Remember when I use to call my dick 'the pendulum'
wtf?
It is now the artist formerly known as 'insideyourgirlfriend'
They should make Jack Daniels chap stick
she said she'd get any tattoo I wanted ... so she's getting a large crossword puzzle as a tramp stamp. I'm the Einstein of doggy style
She checked into foursquare right as she left work so he would think she was there late and not on some other guy's dick
I have to say for barely passing high school, that girl is a genius.
drunk lawn darts. Let's test the homeowners policy
Definately going to wake up wondering what happened to the other half of my lip.

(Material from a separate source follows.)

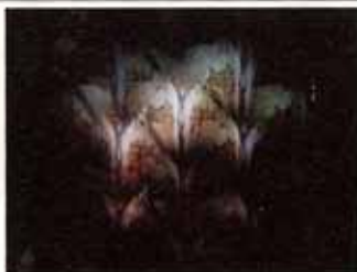
Installation shot of 'Are You Lonesome Tonight' by Conrad Ventur

Tom Badley's stuttering, grinding video, viewable through cracked glass over an LCD screen, seems at first like an ominous semi-abstract before it suddenly surges forward and reveals itself to be a cheery film of a woman

Just an FYI: The offer for you to come snow blow my driveway in return for sexual favors is still on the table
decision: in honor of being in new orleans this weekend all my drunk texts will be en francais
Someone asked me what I was drinking, I was drinking rum, but I was also eating starbursts so i told them "daiquiris"
Just because you can put your penis in it does not make it "good stuff".
Sorry brah. Drastic times called for drastic measures and I had to go home and bang a cougar.
He is a sweet angel sent from dick heaven!
You're never gonna guess who's blood is on my shirt
Why do I feel like I really don't want to hear the end of this...
Chugging this bottle of Jim at the airport is proving more difficult than I imagined. TSA is not amused.